Despite BMD difference in DM subtypes, all diabetic patients have increased incidence of fracture compared to their nondiabetic peers [3]. This is attributed to poor bone microarchitecture and trabecular connectivity along with low bone remodeling speed as the result of DM. Accumulation of advanced glycation end products such as pentosidine in bone matrix and their inhibitory effect on various bone cells, increased marrow fat component, and low bone turnover are some of the possible mechanisms for disrupted bone microarchitecture in DM [25]. DM complications such as neuropathy, increased frequency of falls, and treatment-induced hypoglycemia are also some external factors that contribute to increased fracture risk in these patients [26]. Nonetheless, after adjusting for these external complications including increased fall risk, DM still remains as an independent risk factor for osteoporotic fractures [27].

TBS has been proposed as an index for quality of bone texture and microarchitecture. As a determinant of bone strength, TBS can be used to predict fracture risk independent of BMD [28]. T1DM and T2DM are both associated with poor bone microarchitecture and reduced lumbar TBS [4, 18]. A study by Leslie et al. in community-dwelling women who were 50 years and older showed that lumbar spine TBS compared with BMD is a better predictor of osteoporotic fractures in diabetics [6]. A cross-sectional study by Dhaliwal et al. also revealed that, unlike BMD, TBS is lower in T2DM patients with poor glycemic control irrespective of their age [29].
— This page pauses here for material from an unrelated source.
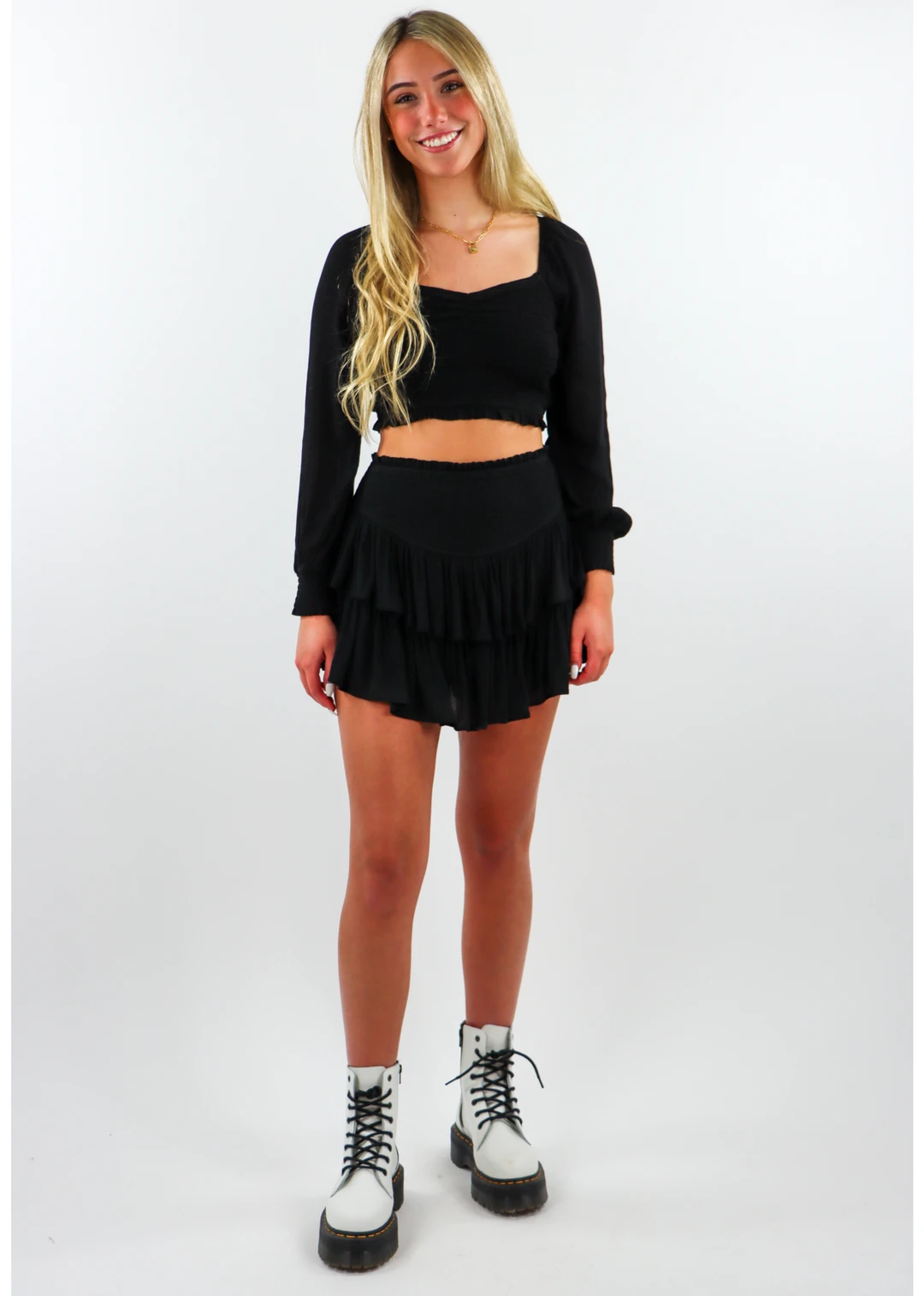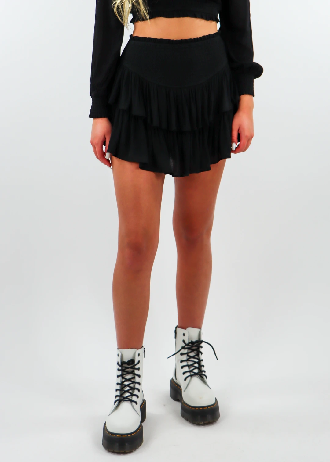 Meet the skirt right out of our day dreams. The first-ever Rock N Rags piece is back, and what better way to be than with the gorgeous Black Sunshine Daydream Skirt! This is an absolute must-have piece that fits for any occasion!

The main strength of our study is inclusion of frail LTC residents and men. Despite high prevalence of osteoporosis and DM in LTC residents, no study has assessed the effect of DM on TBS in this population to our knowledge. Moreover, we were able to obtain BMD and TBS measures along with frailty and functional status. Most studies exclude frail or functionally impaired participants. In addition, we were able to include a small cohort of men that have been difficult to enroll from LTC facilities since most LTC residents are older women.
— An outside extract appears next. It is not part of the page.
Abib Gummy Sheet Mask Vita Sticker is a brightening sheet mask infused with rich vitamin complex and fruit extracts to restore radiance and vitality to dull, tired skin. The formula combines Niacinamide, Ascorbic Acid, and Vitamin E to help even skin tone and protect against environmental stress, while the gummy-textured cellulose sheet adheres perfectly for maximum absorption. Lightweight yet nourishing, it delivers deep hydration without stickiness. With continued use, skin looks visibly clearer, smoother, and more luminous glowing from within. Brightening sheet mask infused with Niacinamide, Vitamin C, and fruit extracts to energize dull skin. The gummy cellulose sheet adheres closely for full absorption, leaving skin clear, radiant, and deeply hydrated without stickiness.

Our study also has limitations. First, the history of DM was self-reported. It is unlikely that participants would report this if they did not have diabetes, however, some participants may have diabetes but not realize that they have it or had it in the past. Furthermore, we have no information on the degree, duration, and complications of DM. Another limitation is that most participants in this study are white which may affect generalizability of results. Finally, there were fewer men compared with women that may have limited the ability to see statistically significant differences in men, however, the magnitude of point estimates which are unaffected by sample size suggests an attenuated DM-bone association in men.
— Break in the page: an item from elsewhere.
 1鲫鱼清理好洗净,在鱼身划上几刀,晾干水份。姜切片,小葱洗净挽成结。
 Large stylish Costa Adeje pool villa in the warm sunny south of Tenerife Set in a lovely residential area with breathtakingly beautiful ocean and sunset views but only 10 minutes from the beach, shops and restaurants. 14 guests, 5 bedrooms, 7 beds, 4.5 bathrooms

5. Conclusions and Implications

Our study suggests that in older residents of LTC facilities, DM has greater detrimental effects on bone microarchitecture which may be missed by relying solely on BMD for assessment of bone health. Measures of skeletal architecture such as TBS should be considered in all patients with DM. Further studies are needed to examine TBS and fracture risk prediction in patients with DM.

Data Availability

The data used to support the findings of this study are included within the article.

Conflicts of Interest

The authors declare that they have no conflicts of interest.

Acknowledgments

This study was supported by the National Institutes of Health (grant nos. R01AG052123, R01AG050302, T32AG021885, and K07AG052668) and Pepper Older Americans Independence Centers (grant no. P30AG024827).